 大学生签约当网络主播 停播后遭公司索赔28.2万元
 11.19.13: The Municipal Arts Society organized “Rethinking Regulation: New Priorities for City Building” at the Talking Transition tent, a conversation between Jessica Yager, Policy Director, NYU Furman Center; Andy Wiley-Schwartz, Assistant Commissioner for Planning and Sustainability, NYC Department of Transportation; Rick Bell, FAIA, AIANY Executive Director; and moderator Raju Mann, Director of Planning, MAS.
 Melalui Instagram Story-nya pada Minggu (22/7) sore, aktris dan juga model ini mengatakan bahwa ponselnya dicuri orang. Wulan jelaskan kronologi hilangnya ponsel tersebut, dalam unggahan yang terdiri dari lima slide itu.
● ● ● ● ●
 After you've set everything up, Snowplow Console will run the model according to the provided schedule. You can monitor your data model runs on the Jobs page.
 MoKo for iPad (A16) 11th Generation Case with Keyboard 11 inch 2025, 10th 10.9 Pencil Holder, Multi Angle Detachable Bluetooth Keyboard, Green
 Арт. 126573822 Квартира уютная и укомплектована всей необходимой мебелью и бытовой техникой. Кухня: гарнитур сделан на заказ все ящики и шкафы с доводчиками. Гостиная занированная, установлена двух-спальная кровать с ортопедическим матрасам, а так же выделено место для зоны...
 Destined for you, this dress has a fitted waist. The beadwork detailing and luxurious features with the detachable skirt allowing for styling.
● ● ● ● ●
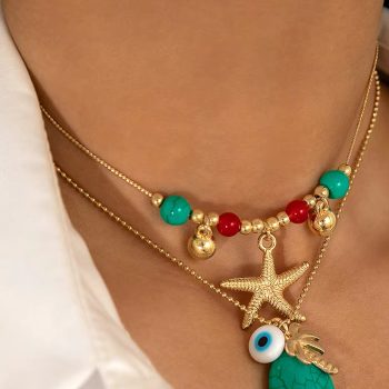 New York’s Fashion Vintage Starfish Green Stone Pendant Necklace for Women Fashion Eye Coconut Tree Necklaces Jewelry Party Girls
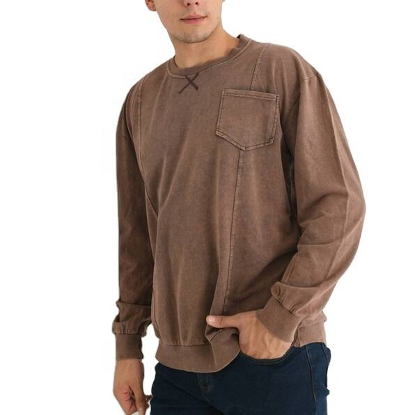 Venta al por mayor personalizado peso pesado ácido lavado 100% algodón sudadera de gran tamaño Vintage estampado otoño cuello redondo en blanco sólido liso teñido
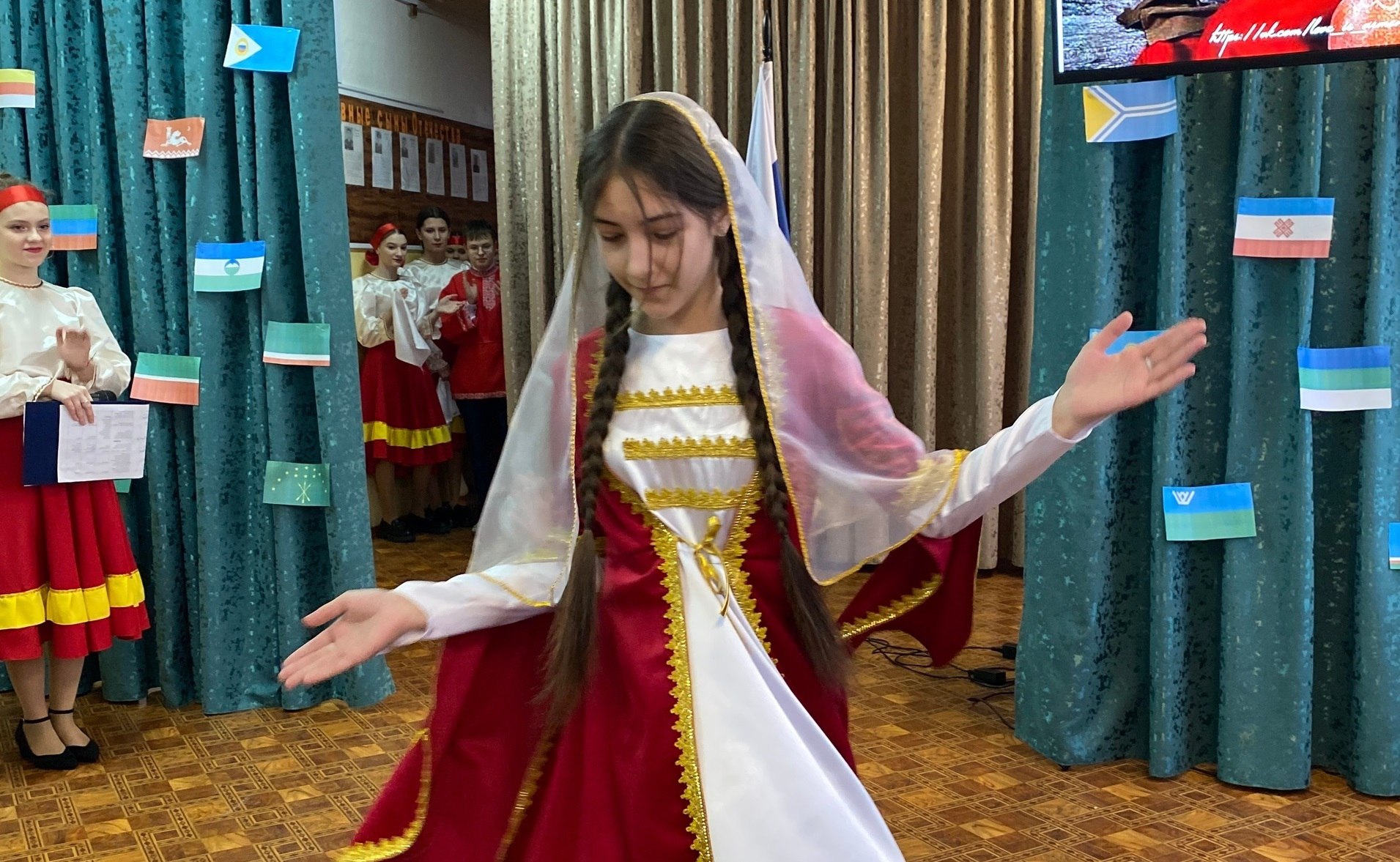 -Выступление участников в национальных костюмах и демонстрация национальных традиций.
● ● ● ● ●
§ WHAT IS BEING ASKED
Produce only the lines from the line containing "MoKo for iPad" through the line containing "Destined for you, this", inclusive of both, exactly as they stand in the entries above.

§ OUTPUT FOR THIS EXERCISE
 MoKo for iPad (A16) 11th Generation Case with Keyboard 11 inch 2025, 10th 10.9 Pencil Holder, Multi Angle Detachable Bluetooth Keyboard, Green
 Арт. 126573822 Квартира уютная и укомплектована всей необходимой мебелью и бытовой техникой. Кухня: гарнитур сделан на заказ все ящики и шкафы с доводчиками. Гостиная занированная, установлена двух-спальная кровать с ортопедическим матрасам, а так же выделено место для зоны...
 Destined for you, this dress has a fitted waist. The beadwork detailing and luxurious features with the detachable skirt allowing for styling.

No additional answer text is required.